EMOTIon and COgNitive Function After Atrial Fibrillation Catheter Ablation vs. Medical Therapy(EMOTICON Trial)

EMOTIon and COgNitive Function After Atrial Fibrillation Catheter Ablation vs. Medical Therapy; Randomized Clinical Trial (EMOTICON Trial)

"Atrial fibrillation (AF) is an arrhythmic disease that increases especially in the elderly, increasing the risk of ischemic stroke by 5 times and is a major cause of dementia and cognitive impairment.

Cognitive dysfunction accompanying AF occurs regardless of the presence or absence of stroke, and AF itself is known to affect cognitive function.

However, since cognitive dysfunction is also affected by various accompanying chronic diseases, whether the cognitive dysfunction accompanying AF is due to subclinical ischemic stroke, cerebral hypoperfusion due to reduced cardiac output, inflammatory reaction or platelet dysfunction are unclear.

Recently, this research team reported an improvement in cognitive function with active sinus rhythm therapy such as AF catheter ablation. Nevertheless, it has not yet been proven whether such active and invasive AF treatment affects the improvement of cognitive function or depression by a randomized clinical trial.

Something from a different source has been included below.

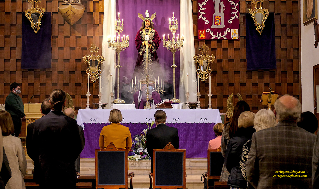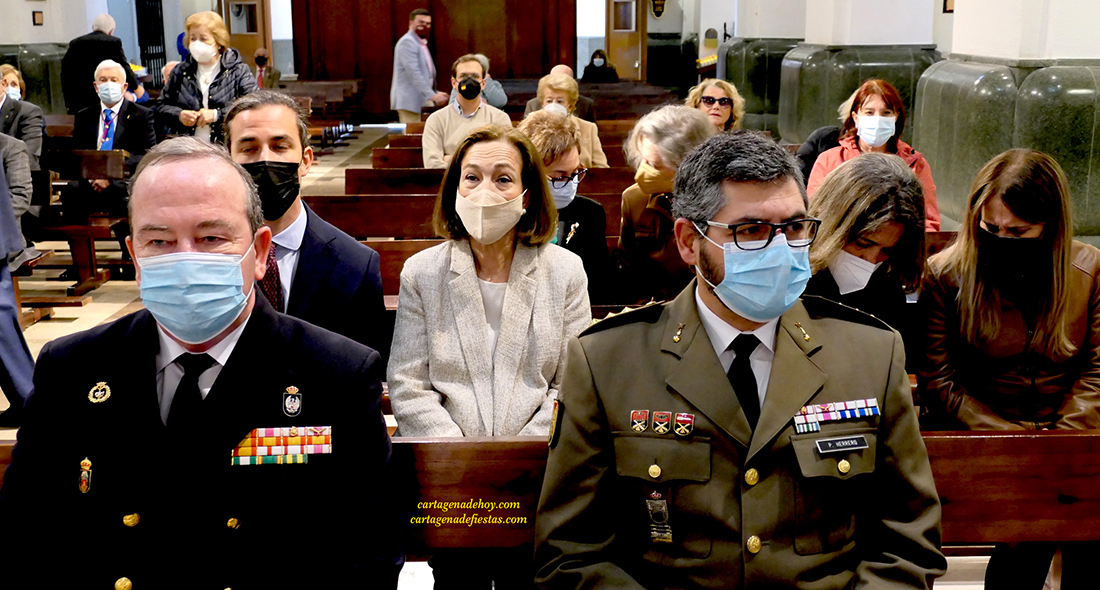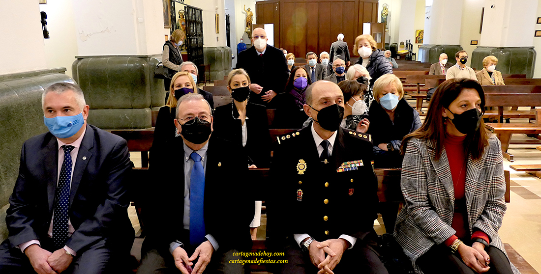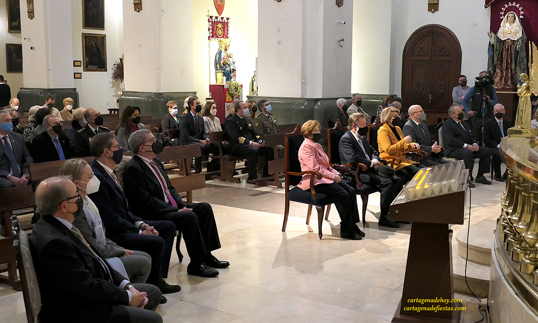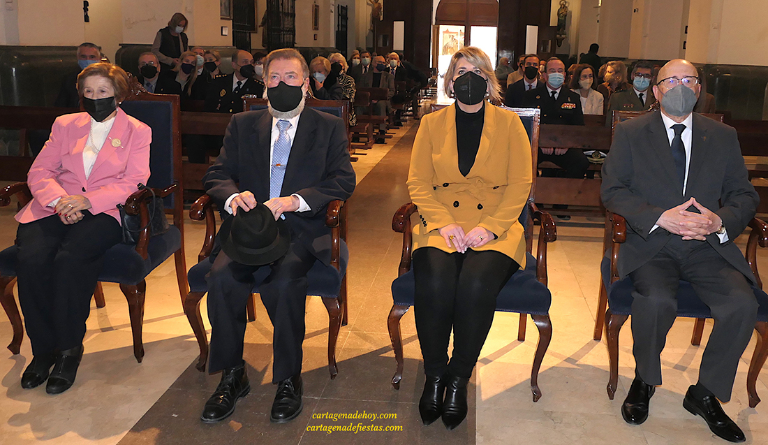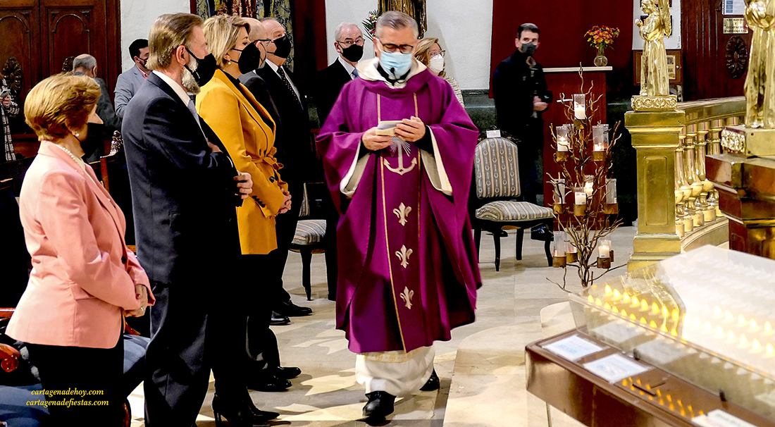 El acto en el que recibió la medalla como 'Procesionista del año' tuvo lugar ayer en la iglesia de Santo Domingo durante la celebración de una eucaristía oficiada por Francisco Muñoz y que contó con la presencia de la alcaldesa de Cartagena y de los hermanos mayores de las cuatro principales cofradías pasionarias de la ciudad: Manuel Martínez, Marién García Boj, Francisco Pagán y Juan Carlos de la Cerra, por el orden, de izquierda a derecha, en el que se ubicaron. Fernando Navarro también estuvo acompañado por Pedro Negroles, presidente de la asociación que otorga el galardón, y otras personalidades de la sociedad civil y militar cartagenera.

In this prospective randomized clinical comparative study, the investigators will compare the AF catheter ablation group and drug therapy group in terms of cognitive function tests and depression psychological tests at baseline and a year after treatment. Our hypothesis is that AF catheter ablation is superior to drug therapy to improve cognitive function and depressive mood.

Study Overview

• Status: Not yet recruiting
• Conditions: Atrial Fibrillation
• Intervention / Treatment: Procedure: Atrial fibrillation catheter ablation group; Drug: Medical therapy group

Detailed Description

Study design

1. Prospective randomization (catheter ablation group vs. drug treatment group) (Python program is used, the random number module is imported using the import random syntax, and the random number table of the two groups is prepared and used)
2. Target number of targets 320 (160 for each group)
3. Cardiac rhythm follow-up: 2012 ACC/AHA/ESC guidelines (baseline, 3 months, every 6 months after Holter, Electrocardiogram when symptoms are present)
4. Anticoagulant therapy follows 2014 ACC/AHA/ESC guidelines.
5. Evaluation of MOCA score (cognitive function), CES-D score (depression), and GAD-7 score (anxiety) at baseline and a year after treatment, respectively.
6. Evaluation of all adverse events occurring in each group, hospitalization rate, major cardiovascular attack, and mortality rate comparison

Progress and rhythm/ ECG follow-up

1. Implemented in accordance with 2012 ACC/AHA/HRS guidelines for AF management
2. Baseline MOCA, CES-D, and GAD-7 score evaluation
3. Outpatient follow-up observation 1 to 2 weeks after the start of the procedure or medication
4. Follow-up observation at intervals of 2 months, 6 months, and then every 6 months after starting the procedure or medication
5. If the patient complains of arrhythmia symptoms, conduct an electrocardiogram at any time, and follow the rhythm with a Holter or event recorder.
6. Follow-up MOCA, CES-D, and GAD-7 score evaluation

Follow-up observation

• All patients are scheduled to visit the outpatient clinic every 6 months after 1~2 weeks, 2 months, 6 months, and even if they have symptoms in the middle, they will be treated as an outpatient at any time.
• An ECG is administered at every outpatient visit. A 24-hour Holter or event recorder was administered for 1 year at intervals of 2, 6, and 6 months after the procedure (2012 Heart Rhythm Society/EHRA/European Cardiac Arrhythmia Society Expert Consensus Statement guidelines).
• If atrial fibrillation or atrial tachycardia lasting more than 30 seconds is observed on a standard electrocardiogram, event electrocardiogram, or Holter, it is evaluated as recurrence. Recurrence within 3 months after the procedure is classified as early recurrence, and recurrence after 3 months is classified as clinical recurrence.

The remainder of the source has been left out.